**DATA SECTION**
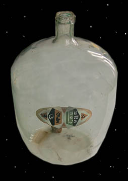 This alien container was used as set dressing during the filming of Star Trek episodic television. Made of clear glass, the bulbous body of the container narrows into a small neck with a rough glass top. Inside is a cork stop, presumably belonging to the container. There are two labels … |
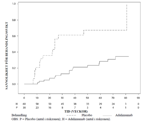 Adalimumab fördröjde signifikant tiden till behandlingssvikt i jämförelse med placebo (se figur 2, p<0,0001 från log rank test). Mediantiden till behandlingssvikt var 24,1 veckor för patienter som behandlades med placebo, medan mediantiden till behandlingssvikt för patienter som behandlades med adalimumab inte gick att fastställa eftersom mindre än hälften av dessa patienter upplevde behandlingssvikt. Adalimumab minskade signifikant risken för behandlingssvikt med 75 % jämfört med placebo, vilket framgår av hazardkvoten (HR = 0,25 [95 % CI: 0,12; 0,49]).
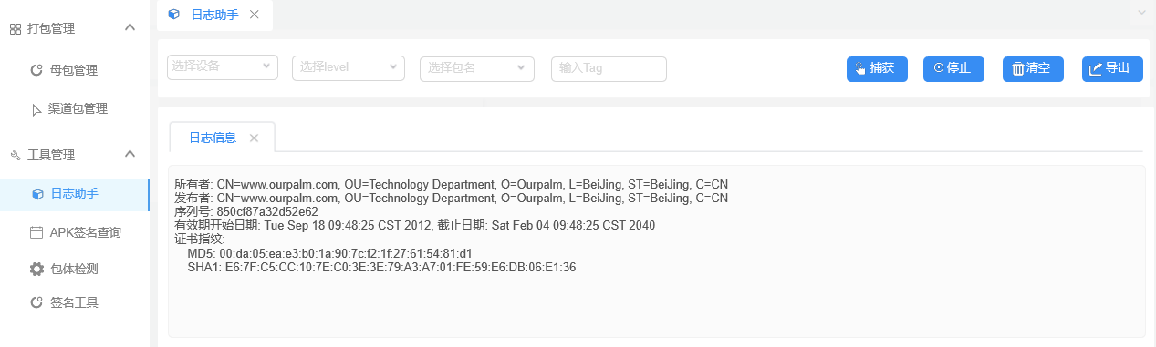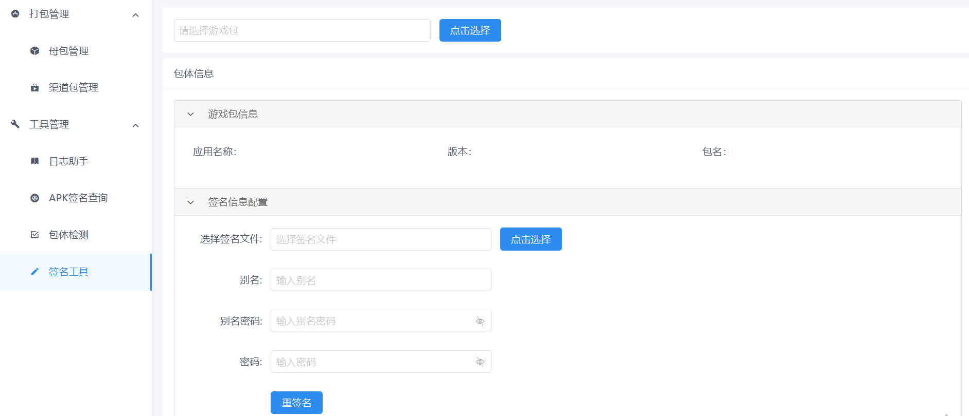 支持上传安卓apk游戏包,上传签名文件,设置别名和密码,对包体重新签名,便于研发测试。

**WHAT THE TASK REQUIRES**
Retype the material above exactly, images excluded.

**WRITTEN RESPONSE**
 This alien container was used as set dressing during the filming of Star Trek episodic television. Made of clear glass, the bulbous body of the container narrows into a small neck with a rough glass top. Inside is a cork stop, presumably belonging to the container. There are two labels … |
 Adalimumab fördröjde signifikant tiden till behandlingssvikt i jämförelse med placebo (se figur 2, p<0,0001 från log rank test). Mediantiden till behandlingssvikt var 24,1 veckor för patienter som behandlades med placebo, medan mediantiden till behandlingssvikt för patienter som behandlades med adalimumab inte gick att fastställa eftersom mindre än hälften av dessa patienter upplevde behandlingssvikt. Adalimumab minskade signifikant risken för behandlingssvikt med 75 % jämfört med placebo, vilket framgår av hazardkvoten (HR = 0,25 [95 % CI: 0,12; 0,49]).
 支持上传安卓apk游戏包,上传签名文件,设置别名和密码,对包体重新签名,便于研发测试。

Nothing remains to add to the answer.